- Directed by: Mervyn LeRoy
- Written by: Arthur Caesar Houston Branch
- Based on: play Mendel, Inc. by David Freedman
- Starring: Joe Smith Charlie Dale George Sidney
- Cinematography: James Van Trees
- Edited by: Terry Morse
- Music by: Leo F. Forbstein
- Production company: Warner Bros. Pictures
- Distributed by: Warner Bros. Pictures The Vitaphone Corp.
- Release date: March 26, 1932;
- Running time: 73-74 minutes
- Country: United States
- Language: English
- Budget: $201,000
- Box office: $240,000

= The Heart of New York (film) =

1932 film

The Heart of New York is a 1932 American pre-Code comedy film starring the vaudeville team of Smith & Dale and George Sidney.

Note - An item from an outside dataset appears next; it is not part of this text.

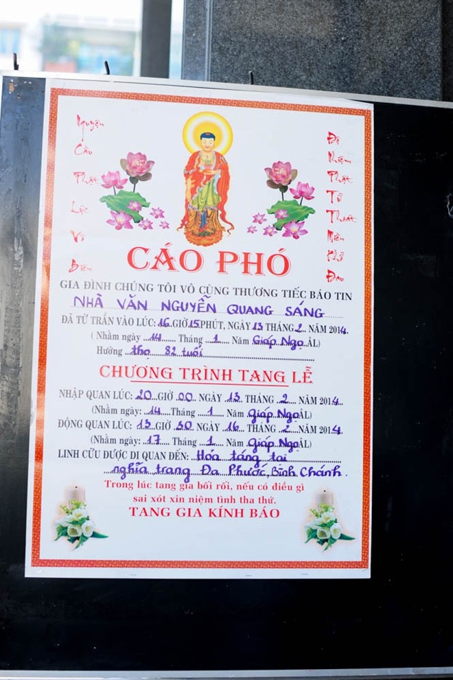 | Cáo phó của nhà văn Nguyễn Quang Sáng. Ngay sau những chia sẻ của Quang Dũng về những mất mát mà gia đình đang phải trải qua, rất nhiều người đã nhắn tin chia buồn và động viên cũng như tỏ ý mong anh em anh và mẹ sớm vượt qua nỗi đau mất mát. |

It was directed by Mervyn LeRoy and based on the Broadway play Mendel, Inc. by David Freedman.

==Plot==
The plumber Mendel Marantz, a passionate inventor, hasn't much luck and a family that doesn't understand him. He finally strikes it rich with a dishwashing machine he invented. He finds an investor, Gassenheim, and begins to make his way up in the world. But Mendel's troubles are not over; his family doesn't share his dream to become the landlord of the house where they live on New York's Lower East Side. They prefer to move uptown to Park Avenue and adapt to how rich people live.
Mendel's ideas for the house are not forgotten. The men he once told how he wished to transform the building take on the work of renovating it, with every detail he planned. Neighbours and visitors come to see the house and the new, beautiful penthouse. His wife and his children are still in Park Avenue and when Gassenheim stops paying royalties to Mrs. Marantz, she and the children come home, to find that Mendel is close to losing everything.

==Cast==
- Joe Smith as Sam Shtrudel
- Charles Dale as Bernard Schnaps
- George Sidney as Mendel Marantz
- Ruth Hall as Lillian Marantz
- Aline MacMahon as Bessie, the Neighbor
- Anna Appel as Mrs. Zelde Marantz
- Donald Cook as Milton
- Oscar Apfel as Otto Gassenheim
- Harold Waldridge as Jakie Marantz (as Harold Waldrige)
- Marion Byron as Mimi Marantz
- George MacFarlane as Mr. Marshall
- Ann Brody as Mrs. Nussbaum
- Charles Coleman as Mendel's Butler

==Box office==
According to Warner Bros. records, the film earned $198,000 in the U.S. and $42,000 elsewhere.